Clinton Tax Increases Jeopardize Budget Plan
As Congress gets ready to vote, president finds his $1.5 trillion package with no GOP support and dwindling backing from oil-state Democrats
IT'S high noon for President Clinton's controversial $1.5 trillion federal budget, which he charges is threatened by the powerful "big oil lobby."
The Clinton plan, which includes the largest tax increase in American history, has failed to draw even a whisper of Republican support. Now, on the eve of the first crucial vote in Congress, it is losing Democratic allies as attacks intensify from oil-state senators.
Critics demand that the president scale back his tax increases, including energy taxes, which altogether total $272 billion over the next five years. They also want far greater spending cuts.
The president, sharply rebuffing critics, insists that his proposal will bolster the economy, while helping the working poor, children, and the elderly.
The House of Representatives votes first, probably Thursday. But as the decisive moment nears, Democrats are anxious. Their biggest concern: What if they raise taxes, and the federal deficit fails to fall?
A concerted drive to make the budget more palatable began weeks ago in the House.

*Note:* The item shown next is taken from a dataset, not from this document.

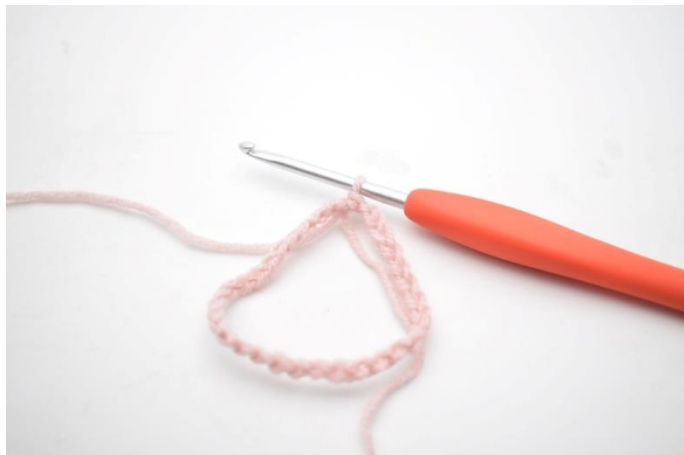
2. Samt til en ring med 1 km.

The effort recently spilled into the Senate, where it quickly gained momentum.
David Boren (D) of Oklahoma and Bennett Johnston (D) of Louisiana, two oil-patch senators, called for wiping out $71.5 billion in Clinton taxes on energy. They immediately got bipartisan help from Sen. John Danforth (R) of Missouri and Sen. William Cohen (R) of Maine.
A day later, two other Senate Democrats, J. James Exon and Bob Kerrey, both from Nebraska, announced their support for the "basic thrust" of the Boren-Johnston alternative.
Then Sen. John Breaux (D) of Louisiana, despite a personal meeting with Mr. Clinton, revealed that he was developing his own alternative to the president's energy tax.
The White House has not flinched. Roger Altman, the deputy treasury secretary, insists that the Clinton budget will survive Congress intact.
Yet compromise is in the air. Over the weekend, Mr. Boren said he would gladly powwow with the administration to reach an amicable settlement. Boren was adamant, however, that any budget must meet three criteria that could be difficult for the White House to accept. It should:
* Be bipartisan. Boren's plan has already drawn Republican support in the Senate, while Clinton's budget has attracted none. Calling this a "critical point in our country's history," Boren spoke of the need to reach out to the GOP.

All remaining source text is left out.